What are the best known bounds on the number of non-isomorphic (unlabelled) planar graphs on $n$ vertices? Is there a simple proof that this number is at most exponential in $n$?
3 Answers
Simple proof? Sort of.
Let $t(n)$ be the number of plane triangulations with $n$ vertices. Tutte [in ''A Census of Planar Triangulations,'' Canad. J. Math. 14 (1962), 21-38] found an explicit formula for $t(n)$, implying that $t(n)\sim c n^\alpha \gamma^n$, where $\gamma=256/27$. From here, the number $a(n)$ of non-isomorphic planar graphs is at most $2^{3n-6}t(n)$, also exponential. There is an elegant bijective proof of Tutte's formula by Poulalhon and Schaeffer, but I wouldn't call it "simple".
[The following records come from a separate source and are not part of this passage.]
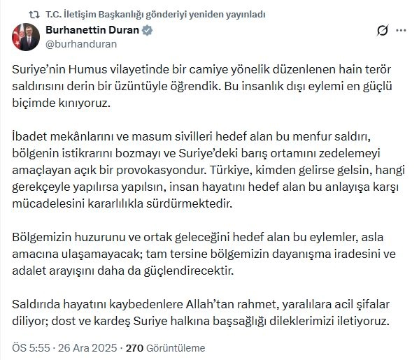 İletişim Başkanı Burhanettin Duran, sanal medya hesabından yaptığı açıklamada, "Suriye'nin Humus vilayetinde bir camiye yönelik düzenlenen hain terör saldırısını derin bir üzüntüyle öğrendik. Bu insanlık dışı eylemi en güçlü biçimde kınıyoruz. İbadet mekanlarını ve masum sivilleri hedef alan bu menfur saldırı, bölgenin istikrarını bozmayı ve Suriye’deki barış ortamını zedelemeyi amaçlayan açık bir provokasyondur. Türkiye, kimden gelirse gelsin, hangi gerekçeyle yapılırsa yapılsın, insan hayatını hedef alan bu anlayışa karşı mücadelesini kararlılıkla sürdürmektedir. Bölgemizin huzurunu ve ortak geleceğini hedef alan bu eylemler, asla amacına ulaşamayacak; tam tersine bölgemizin dayanışma iradesini ve adalet arayışını daha da güçlendirecektir. Saldırıda hayatını kaybedenlere Allah’tan rahmet, yaralılara acil şifalar diliyor; dost ve kardeş Suriye halkına başsağlığı dileklerimizi iletiyoruz" dedi. (DHA)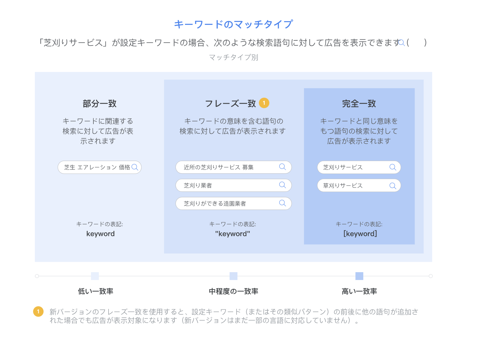 そのため、今後マッチタイプは部分一致、フレーズ一致、完全一致の3種類となります。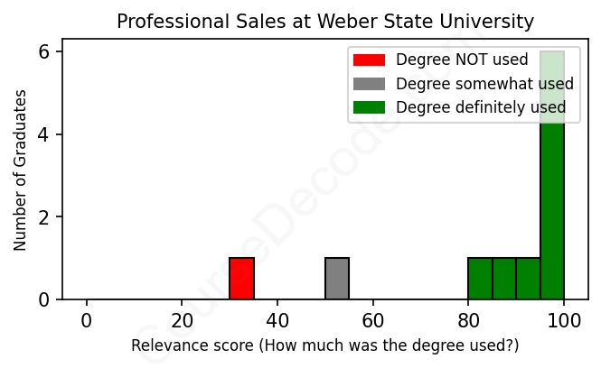 The verdict? Significantly above average. Overall, with an average relevance score of 85%, Professional Sales graduates from Weber State University have a much higher likelihood (+18%) of finding work in this field compared to the average graduate across all fields: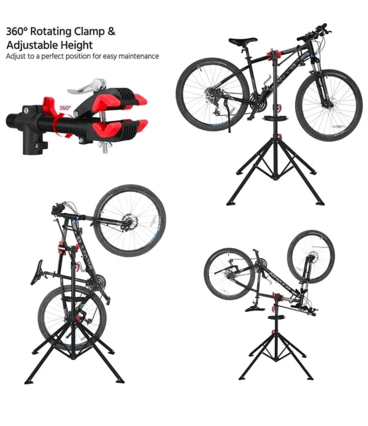 Height Adjustable: The telescopic design allows for height adjustment from 50. 5cm/20inch to 91cm/36inch, enabling you to work on any part of your bike comfortably Four-Leg Supports: Features four legs for enhanced stability, with triangular protective pads ensuring the stand remains steady during repairs Durable Materials: Constructed from iron and plastic, this repair stand is built to last and can support up to 30kg/66lb Extra Magnetic Tool Tray: Includes a magnetic tool tray for convenient storage of small tools like screws and bolts, with dividers to keep tools organized Foldable & Space-Saving: The foldable design allows for easy storage when not in use, making it simple to assemble and disassemble.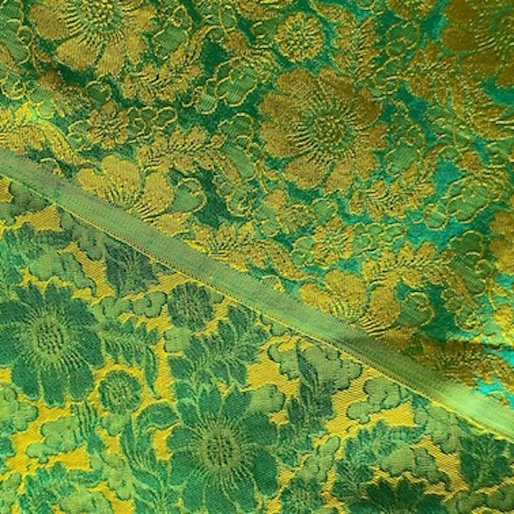 Der „GREEN YELLOW FLOWERS“ Seidenjacquard aus Vietnam ist ein exquisiter Stoff, der die Kunstfertigkeit vietnamesischer Handwerkskunst in jedem Detail widerspiegelt. Dieser leicht transparente Seidenstoff besticht durch ein raffiniertes, zweifarbiges Jacquardmuster in lebendigen Grün- und Gelbtönen. Dank der aufwendigen Jacquardwebtechnik erheben sich die floralen und orientalischen Motive dezent vom Stoff und verleihen ihm ein faszinierend exotisches Aussehen.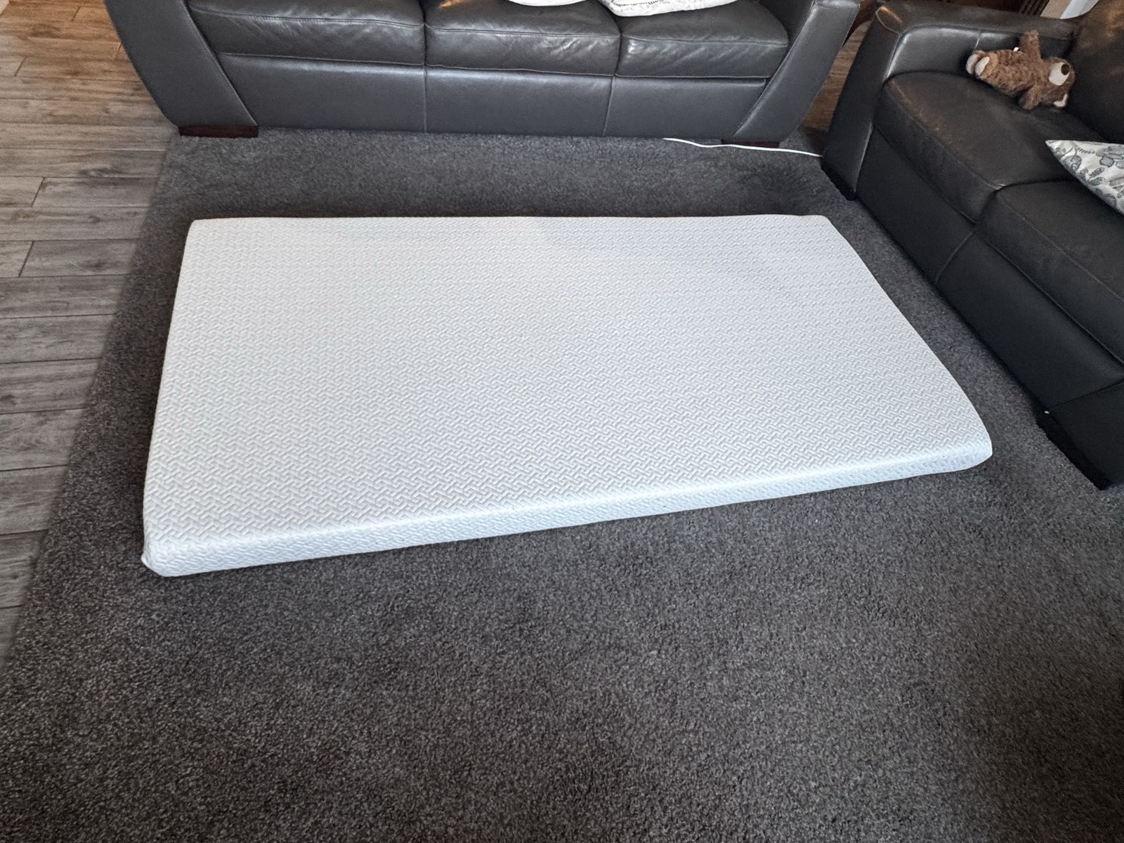 Venmo4” Gel Memory Foam Twin Mattress Topper (Cooling + Bamboo Cover)-Like new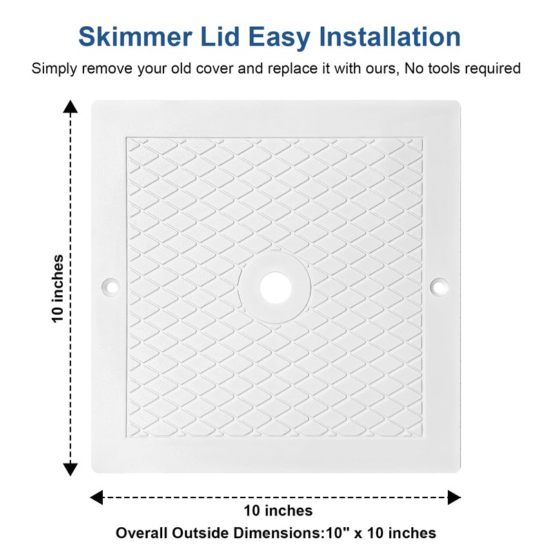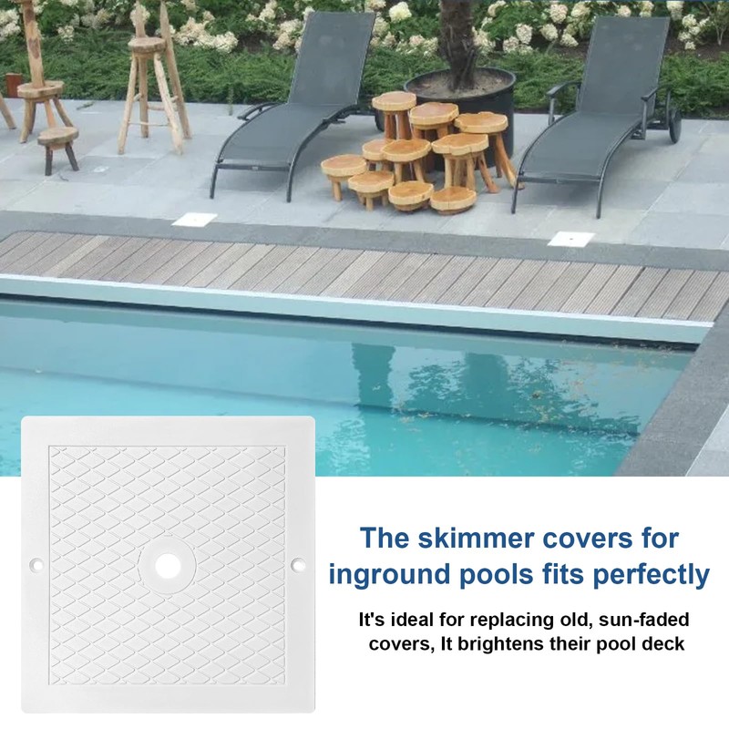 - Compatible with Inground Pools: Specifically engineered for inground /Above Ground pools, this skimmer cover securely fits standard 10-inch square skimmer openings, it effectively blocks debris from entering the pool skimmer and prevents accidental damage to the skimmer basket while maintaining a sleek, low-profile look, it makes the pool area look newer, perfect replacement for old sun faded lids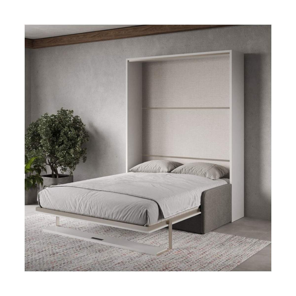 Versia Sofà è molto più di un letto a scomparsa: è un vero progetto di design che trasforma il tuo spazio con eleganza e intelligenza. Di giorno, un comodo divano con mensola integrata regala stile e comfort alla zona living; di notte, in pochi gesti, il sistema a ribalta verticale svela un letto matrimoniale francese da 140 cm, pronto ad accoglierti per un riposo profondo e rigenerante.

For an exponential upper bound, there is a way to simplify the Poulalhon-Schaeffer proof. Take a rooted plane triangulation $G$ (rooted means a vertex and an adjacent edge are labeled). Denote by $T$ the depth-first search tree which is a planar tree with $n$ vertices and the same root. The number of such trees is the Catalan number $C_{n-1}$. Now we need to triangulate the complement of $T$ in the plane, which is bounded by the number of triangulations of $2(n-1)$-gon (twice the number of edges of $T$). The latter is equal to $C_{2n-4}$. Since $C_k<4^k$, putting these together gives an upper bound $$a(n) < 2^{3n} \cdot 4^n \cdot 4^{2n} = 2^{9n}.$$ One can easily get rid of the $2^{3n}$ term by realizing that you are overcounting, but that requires a bit of an explanation and a tiny bit more background.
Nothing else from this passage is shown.